Figure 2. Leptin receptor (Ob-Rb) expression in RAW 264.7 cells. RAW 264.7 cells after lactic acid bacteria (LAB) stimulation were incubated with a polyclonal rabbit antimouse Ob-Rb Ab and a secondary FITC-conjugated Ab (antirabbit IgG). Ten thousand cells were analyzed per sample at an argon laser flow cytometry scanner. (A) Histograms correspond to the analysis of Ob-Rb expression by non-stimulated (negative control) and LAB-stimulated RAW 264.7 cells. The stimulating strains were CRL431, CRL258, CRL1063, CRL66, CRL72, CRL117, CRL1446 CRL1434, CRL350, CRL352, CRL353, CRL355, CRL575, and CRL576. Lipopolysaccharide (LPS) was used as a positive control. Open black line represents fluorescent labeling of Ob-Rb positive cells of negative control, and gray areas represent other strains stimulus. (B) Percentage of Ob-Rb expression in RAW 264.7 cells. The bars represent the different LAB strains. The results are expressed as media of percentages of cells Ob-Rb (+) ± SD of two experiments. Mean values in the same graphic with different letters (a–d) were significantly different (P < 0.05). (C) Microphotograph representative of the Ob-Rb expression in non-stimulated macrophages (negative control, C-1) and LPS-stimulated macrophages culture (positive control, C-2).
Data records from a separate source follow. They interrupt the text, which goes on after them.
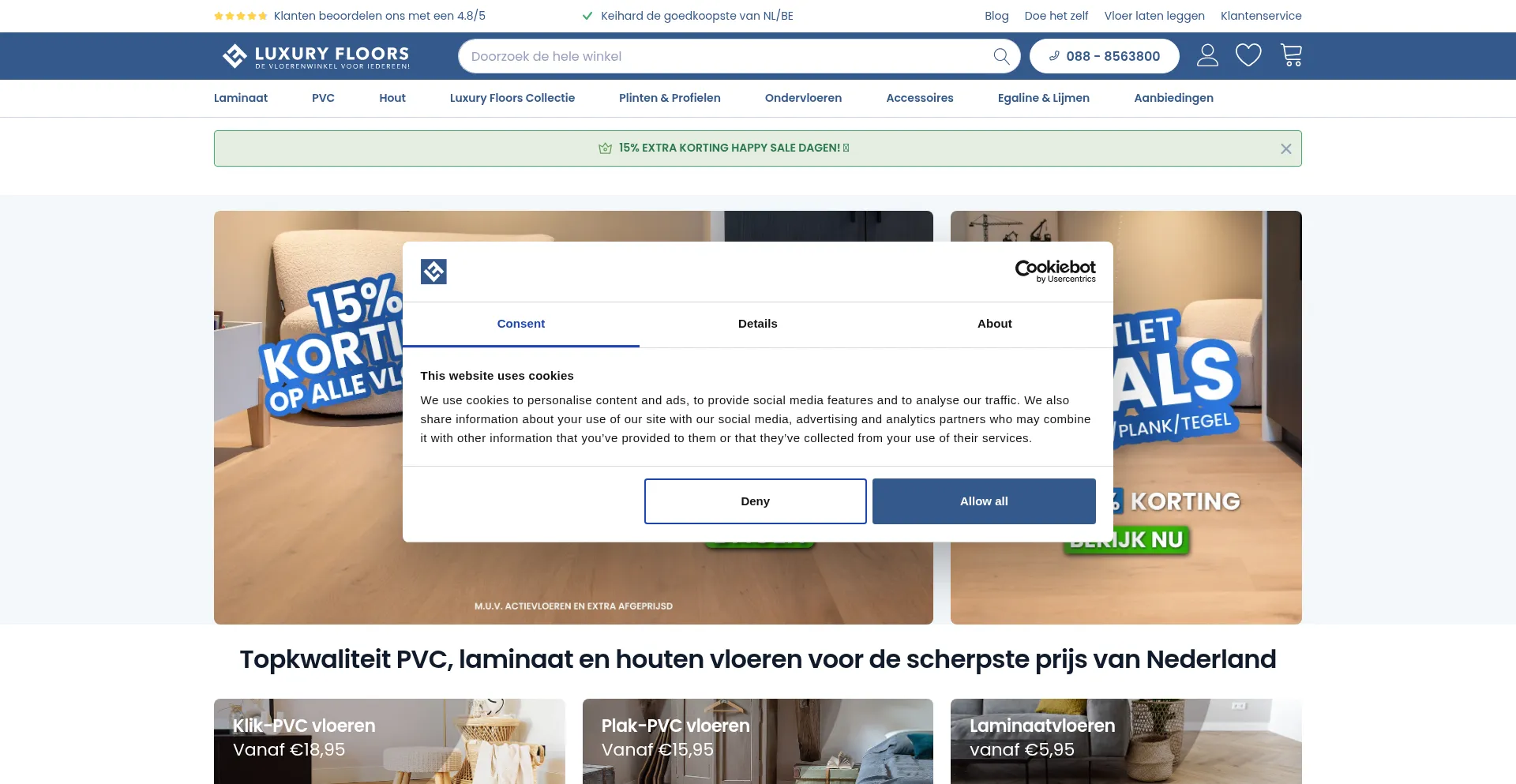 Die Website implementiert Cookie-Zustimmungsmechanismen in Compliance mit Datenschutzregulierungen wie DSGVO oder CCPA. Dies demonstriert, dass luxuryfloors.nl Datenschutzstandards einhält und Benutzern Kontrolle über persönliche Datenerfassungspraktiken bietet.
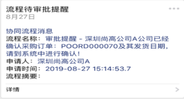啟用采購協(xié)同管理的供應(yīng)商通過微信接收到同步的采購訂單信息后,對所屬的采購訂單確認后進行發(fā)貨。全程高效協(xié)同,實現(xiàn)有計劃的集中采購(微信端接收信息與處理)。
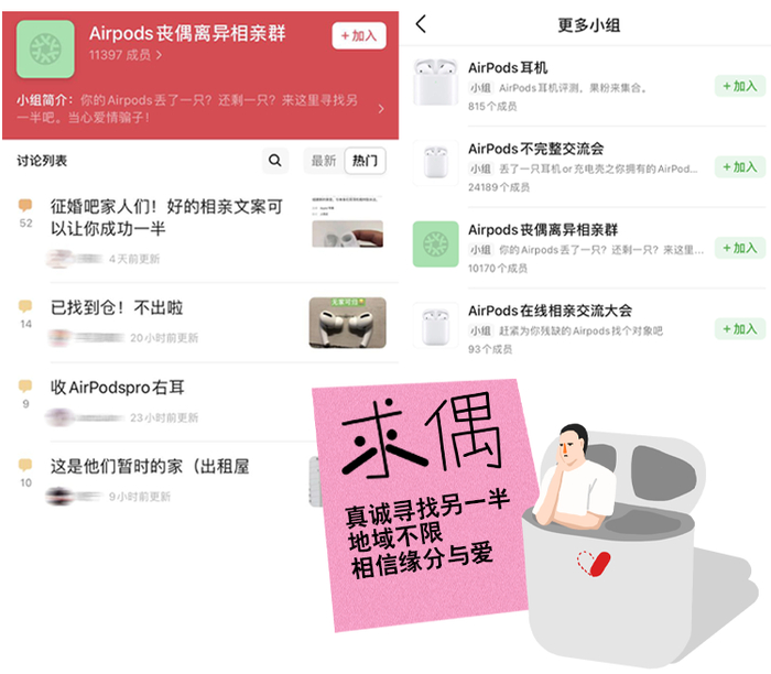 随着无线耳机的普及,比找对象更日常的,是为无线耳机找另一半。去年在二手交易平台上,有13万只缺失了另一半的无线耳机 “相亲”,其中 AirPods 占比超六成。

Differential Production of and Cytokines/Chemokine and Leptin in Adipocytes Stimulated with Different LAB Strains

To evaluate whether LAB may directly induce secretion of leptin, cytokines, and chemokine in adipocytes, we stimulated murine adipocyte cultures with several strains. We observed different effects of LAB on TNF-α, IL-6, IL-10, and MCP-1 adipocyte production. The CRL1434 strain induced the highest values of TNF-α; MCP-1 and IL-10 compared to the other strains (Figures 3A,C,D), while CRL350 strain induced the highest levels of IL-6 (Figure 3B).

FIGURE 3

Figure 3. Production of TNF-α (A), interleukin 6 (IL-6) (B), monocyte chemoattractant protein-1 (MCP-1) (C), IL-10 (D), and leptin (E) by lactic acid bacteria (LAB)-stimulated mice adipocytes. Cytokines/chemokine and leptin concentrations were assayed in supernatants from LAB-stimulated mice adipocytes. Adipocytes were treated for 24 h with bacterial cell suspensions, and TNF-α, IL-6, MCP-1, and IL-10 levels were quantified using Cytometric Bead Array Kit and leptin levels, using enzyme-linked immunosorbent assay test. LPS was used as a positive control. Non-stimulated cells were evaluated as controls of basal cytokine levels (negative control). The stimulating strains were CRL431, CRL258, CRL1063, CRL66, CRL72, CRL117, CRL1446 CRL1434, CRL350, CRL352, CRL353, CRL355, CRL575, and L. CRL576 strains. Results are expressed as mean ± SD of triplicate measures determined in two independent experiments. Mean values in the same graphic with different letters (a–g) were significantly different (P < 0.05).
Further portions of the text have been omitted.